>>

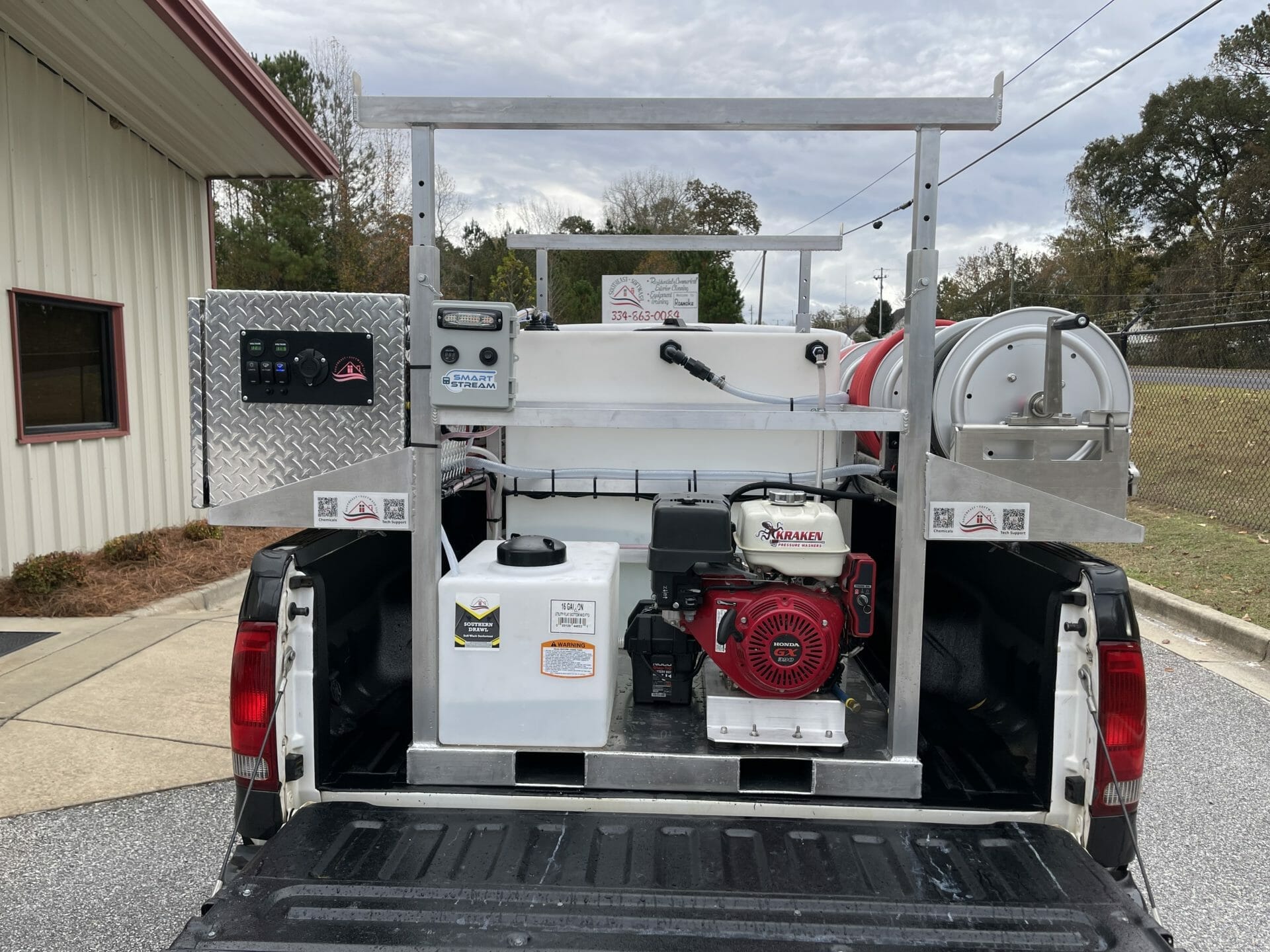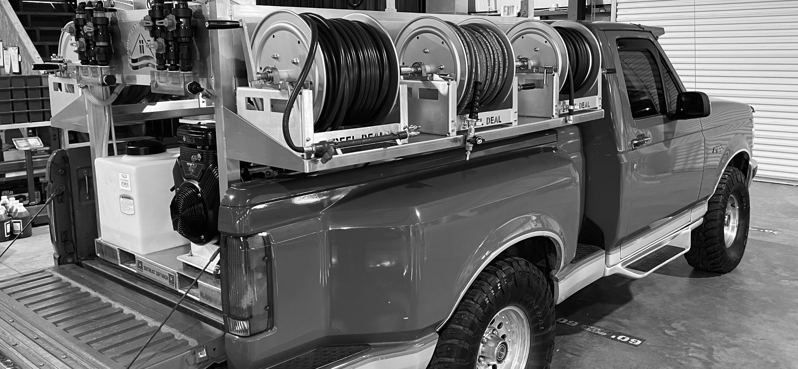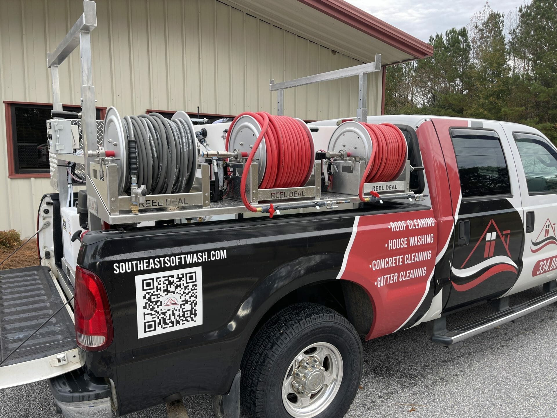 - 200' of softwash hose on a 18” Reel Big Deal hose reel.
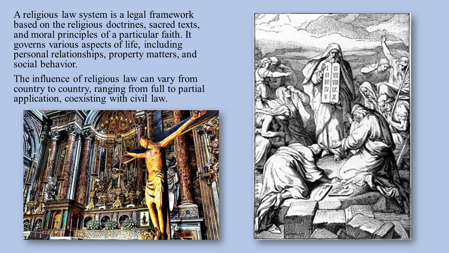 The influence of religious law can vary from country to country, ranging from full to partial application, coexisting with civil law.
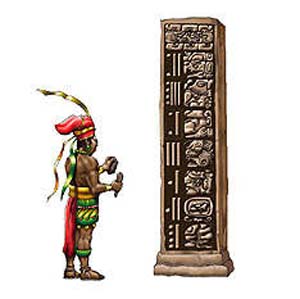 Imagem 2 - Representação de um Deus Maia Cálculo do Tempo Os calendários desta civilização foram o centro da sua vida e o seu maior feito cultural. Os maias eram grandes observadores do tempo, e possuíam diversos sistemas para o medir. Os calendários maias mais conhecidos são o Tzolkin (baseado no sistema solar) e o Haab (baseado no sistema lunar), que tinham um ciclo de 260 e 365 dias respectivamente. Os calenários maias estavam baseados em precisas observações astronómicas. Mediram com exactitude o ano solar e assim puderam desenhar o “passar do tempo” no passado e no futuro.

<<

- [ASSIGNMENT]:
The whole of the data needs to be copied word for word, though not its pictures.

- [TASK OUTPUT]:
 - 200' of softwash hose on a 18” Reel Big Deal hose reel.
 The influence of religious law can vary from country to country, ranging from full to partial application, coexisting with civil law.
 Imagem 2 - Representação de um Deus Maia Cálculo do Tempo Os calendários desta civilização foram o centro da sua vida e o seu maior feito cultural. Os maias eram grandes observadores do tempo, e possuíam diversos sistemas para o medir. Os calendários maias mais conhecidos são o Tzolkin (baseado no sistema solar) e o Haab (baseado no sistema lunar), que tinham um ciclo de 260 e 365 dias respectivamente. Os calenários maias estavam baseados em precisas observações astronómicas. Mediram com exactitude o ano solar e assim puderam desenhar o “passar do tempo” no passado e no futuro.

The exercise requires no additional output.